Jakarta - Regulasi sapu jagat atau omnibus law UU Cipta Kerja masih menjadi perdebatan dan kontroversi. Satu pihak merespon positif lahirnya UU yang hingga kini naskahnya masih menjadi persoalan, dengan menyebutkan Cipta Kerja bisa mendongkrak investasi yang menyusut akibat imbas pandemi.
Cipta Kerja menghapus pembatasan investasi yang berat, menandakan bahwa Indonesia semakin terbuka untuk bisnis.
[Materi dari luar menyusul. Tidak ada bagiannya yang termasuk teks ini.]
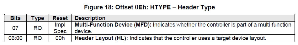 PCI header는 디바이스의 타입에 따라 Type 0, Type 1 두 종류로 나뉘며 Type에 따라 header의 bit가 다르게 사용된다. 하지만, 여기에서는 RC 혹은 Bridge를 사용한 디바이스가 아닌 RC에 다이렉트로 연결된 End device를 가정으로 설명한다.
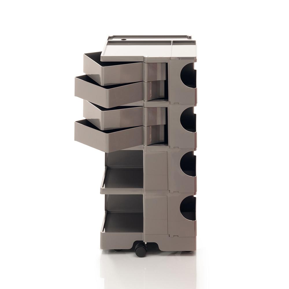 Icône historique du design, le chariot-armoire Boby B-Line se distingue par son approche dynamique et sa grande flexibilité. Conçu pour garantir une composition verticale simple, il permet d’obtenir différentes configurations avec des capacités personnalisées. La structure en ABS, composée de modules avec tiroirs et étagères, est montée sur 5 roulettes pivotantes en polypropylène et propose 4 solutions en termes de hauteur. Il fait partie de la collection permanente du MoMA de New York et de la Triennale de Milan, Prix Smau en 1971. Sur demande, il est possible d'acheter l'étagère en contreplaqué ou en liège.

Sementara pihak lain menilai UU Cipta Kerja hanya mengakomodasi kepentingan investasi asing dan tidak berpihak kepada buruh atau pekerja. Aksi unjuk rasa menentang UU Cipta Kerja hingga kini masih memanas.
Bagaimana respon World Bank atau Bank Dunia? Bank Dunia menyebutkan, omnibus Law UU Cipta Kerja merupakan upaya reformasi besar-besaran untuk menjadikan Indonesia lebih berdaya saing dan mendukung cita-cita jangka panjang untuk mensejahterakan masyarakat. UU ini dapat mendukung pemulihan ekonomi dan pertumbuhan jangka panjang di Indonesia
"Cipta Kerja menghapus pembatasan investasi yang berat, menandakan bahwa Indonesia semakin terbuka untuk bisnis, sehingga menarik investor, menciptakan lapangan kerja dan membantu memerangi kemiskinan," kata keterangan Bank Dunia dalam lamannya.
Bank Dunia menilai pentingnya penerapan Undang-Undang Cipta Kerja secara konsisten. Namun UU ini membutuhkan peraturan pelaksana yang kuat untuk memastikan pertumbuhan ekonomi yang inklusif dan berkelanjutan.
"Selain itu, perlu upaya bersama oleh pemerintah Indonesia dan pemangku kepentingan lainnya," jelas Worl Bank.
Dijelaskan bahwa Bank Dunia berkomitmen untuk bekerja sama dengan pemerintah Indonesia dalam reformasi UU Cipta Kerja. "Ini untuk menuju pemulihan ekonomi dan masa depan yang lebih cerah bagi seluruh rakyat Indonesia," ungkap lembaga ini.
Sebelumnya ekonom Center of Reform on Economics (CORE), Yusuf Rendy Manilet menilai, Undang-Undang Cipta Kerja yang dinilai bisa memperbaiki iklim investasi dan meningkatkan konsumsi harus diikuti dengan penyerapan tenaga kerja.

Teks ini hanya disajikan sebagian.